At the University of Texas in Dallas, endocrinologist Bruce Carr is studying heart disease and looking for new drugs to reduce cholesterol. In the laboratory, he exposes fetal liver tissues to hormones and other drugs, and then studies how the chemicals alter the cells’ ability to produce cholesterol.

“Such studies are a critical factor in research in virtually every major disease category,” McCarthy noted in an interview before the NIH ban was announced.

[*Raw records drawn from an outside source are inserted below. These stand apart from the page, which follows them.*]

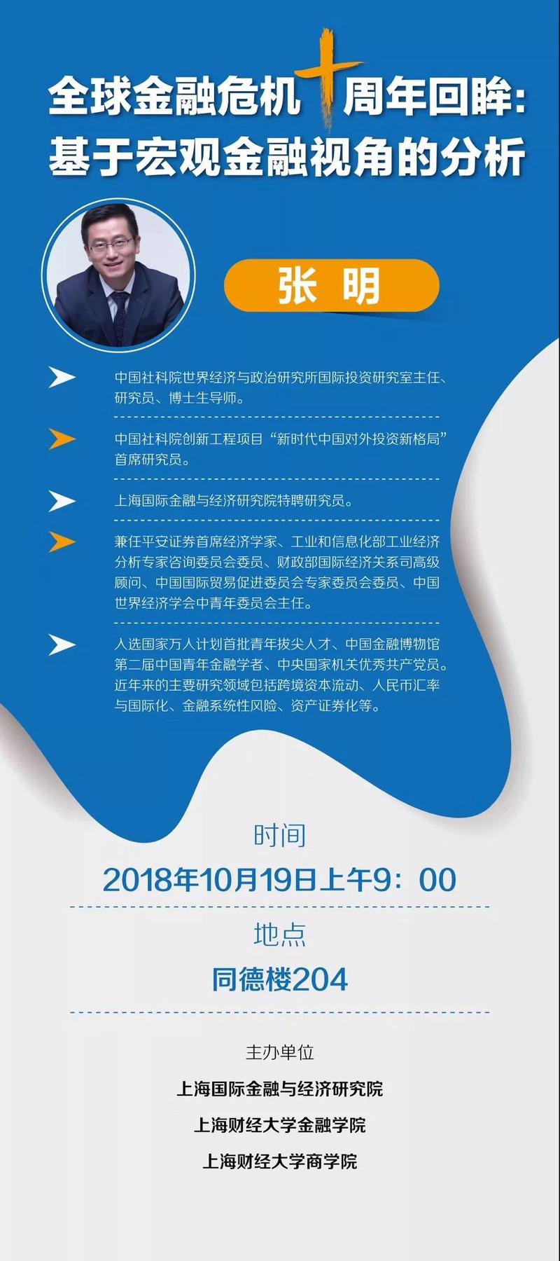 [活动预告]:11/16 张明教授专题讲座—金融危机10周年回眸:基于宏观金融视角的分析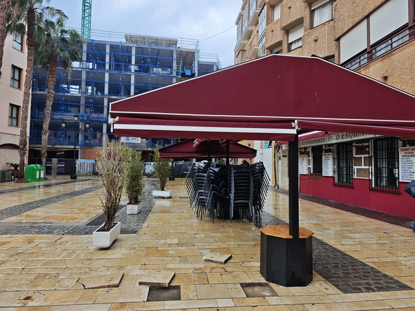 Los fuertes vientos dejan terrazas vacías y mobiliario caído en el centro de Cartagena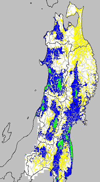 開花・受精期も低温に弱い時期です。文献等を参考に開花・受精に不適な地域の移り変わりを、最高気温を用いて前5日間の移動平均値で図示します。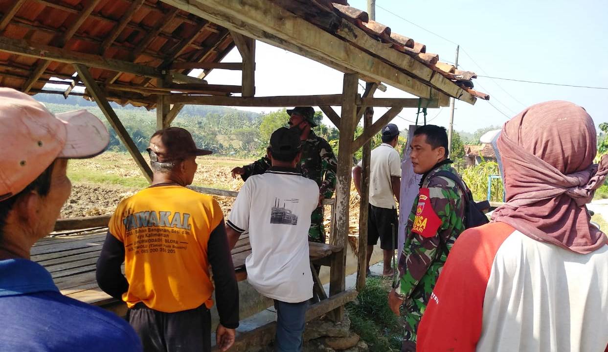 Tampak Babinsa Tambakselo, Serda Suparman bergabung dengan warga setempat memindah sebuah pos kamling yang akan direhab oleh Satgas bersama warga. ”Kami tidak ingin terlena soal pembukaan TMMD, beberapa sasaran fisik yang sudah diprogramkan di TMMD langsung dikerjakan,” tandas Serda Suparman.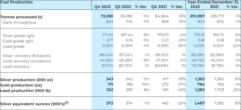 The Cusi Mine processed 72,081 tonnes of ore during Q4 2022, representing an 11% increase over the previous quarter as mining resumed in the area where flooding occurred earlier in the year. The increased throughput helped offset the impact of lower grades and a lower silver and gold recovery rate during the quarter. Silver production remained flat when compared to Q3 2022 with a 1% decline in silver equivalent production.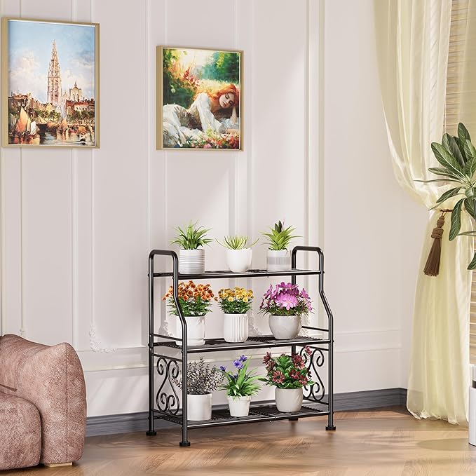 - 【Large Capacity Black Display】Holds 3+ plants per tier (9+ total) on 11.4" deep shelves. Ideal for tall herbs, flowers and bonsai. Elegant black finish complements any decor.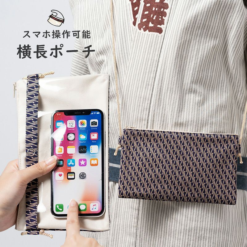 スマートフォンを裏の透明ポケットに入れたまま操作することができるスマホ操作対応のお祭り専用ポーチ(ポシェット)です。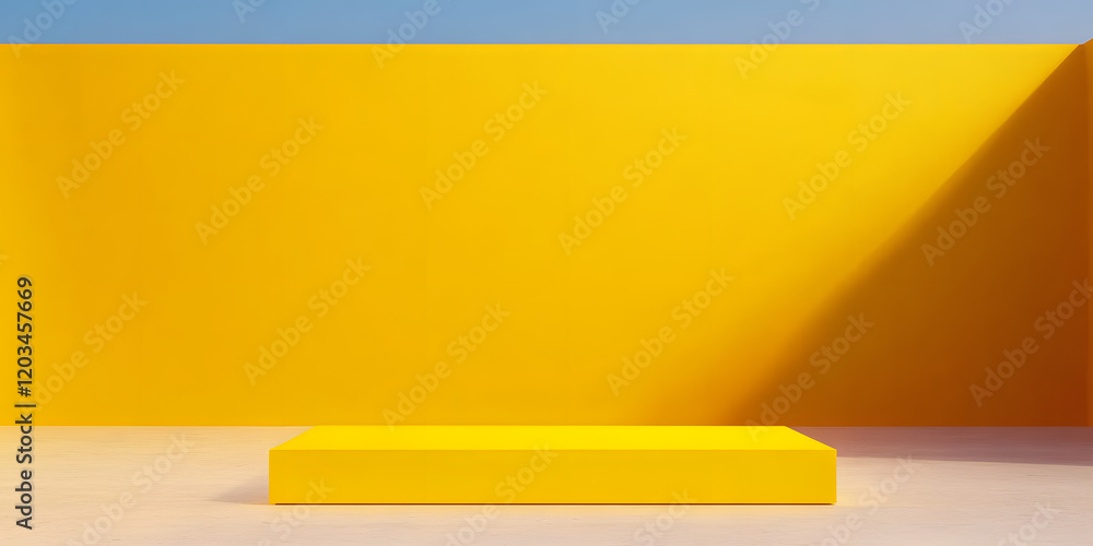 The watermark will not be included on Wall mural.: Blank yellow display on vivid summer background with minimal style - blank stand for showing product -

Only a “handful” of researchers are studying the potential use of fetal cells in human therapy, primarily for diabetes and Parkinson’s, he added.

Three U.S. research groups have implanted fetal pancreatic cells in 48 diabetics, and one of the teams, Alameda-based Hana Biologics Inc., plans to implant laboratory-grown fetal pancreatic cells in another 120 diabetics in the fall. As many as 100 diabetics in China have also been treated with fetal pancreas cells, according to endocrinologist John A. Colwell, president of the American Diabetes Assn. The Chinese have not yet announced their results.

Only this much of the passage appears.